Son birkaç yıldır kadınlara, ilişkilerinde çok emek vermemeleri gerektiği bilgisi pompalanıyor. “Bırakın o mücadele etsin” deniyor… Hiçbirine katılmıyorsun o zaman?
Ve daha neler neler… Yok işte erkek mağarasına et getirmekle mutluymuş, ona mücadele etme alanı bırakacakmışım. Kötü davranacakmışım, naz yapacakmışım, kaçacakmışım o kovalayacakmış… Naz da yapmıyorum, mücadele alanı da bırakmıyorum, kaçmıyorum da bilakis koşuyorum. (Gülüyor) Dürüst bir şekilde sevsin, bunu ifade etsin, mağarama da et getirmesin. Ben alırım, gerek yok. (Gülüyor)
“Tabii ki ilişkimize emek verelim” diyorsun o halde?
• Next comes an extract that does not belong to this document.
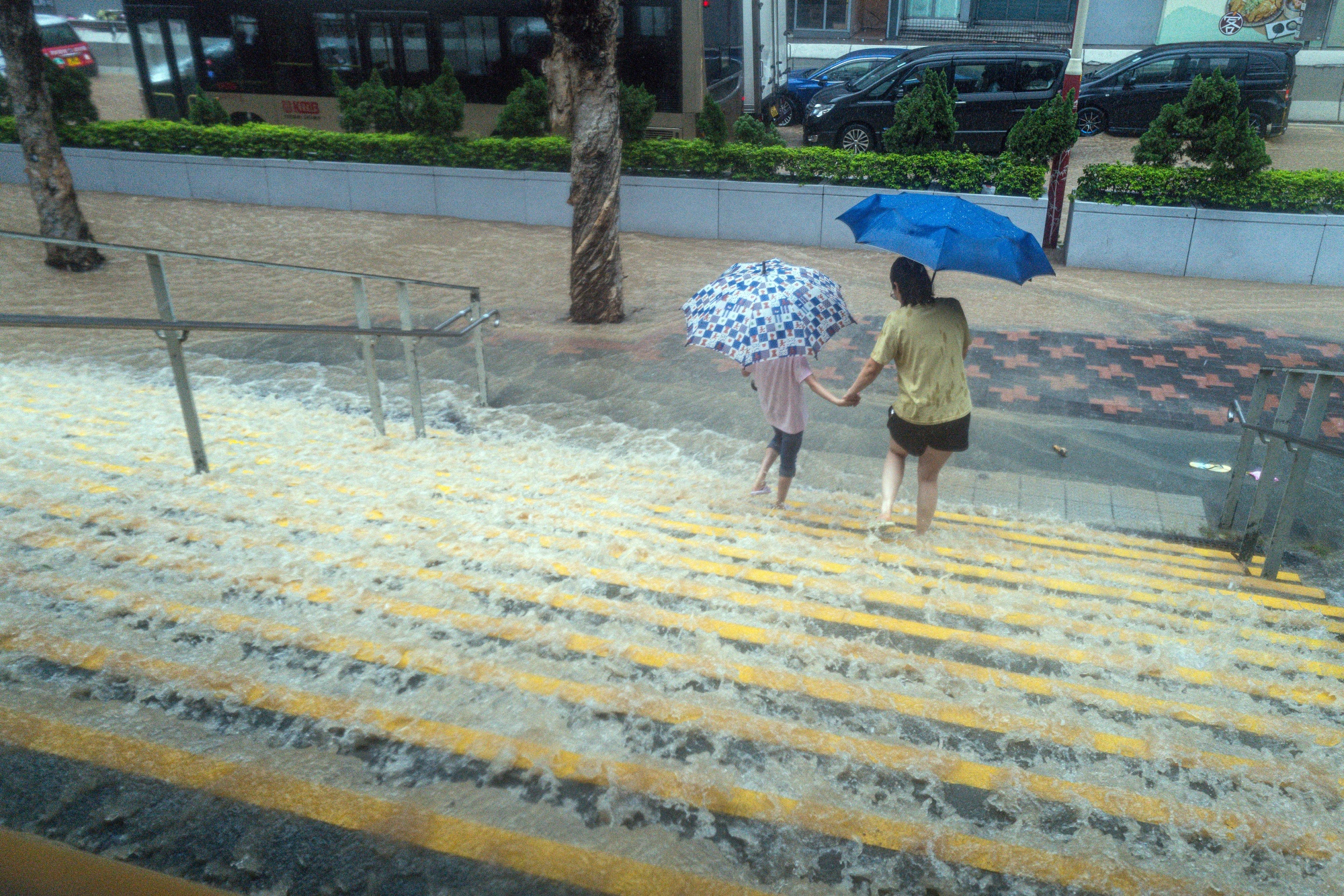 居民在9月8日香港暴雨中涉水前行。

Hem de hep bir ağızdan kadınlar olarak, taktik kovalamadan, sevdiğimiz ve bizi sevdiğini, istediğini net bir şekilde dile getiren insanlara emek verelim, onlarla ilişki kuralım, bu ne idüğü belirsiz ilişkilere, bu zamanın adı konmayan tereddütlü sevgi biçimine baş kaldıralım diyorum. “Beni seviyor mu acaba?” sorusunun kalbimize ve aklımıza düştüğü her anda, aslında sevilmediğimizi bilelim. Gerçek sevgi ve gerçek ilişki ‘acaba?’ dedirtmez çünkü, nettir. Şüphe yoktur.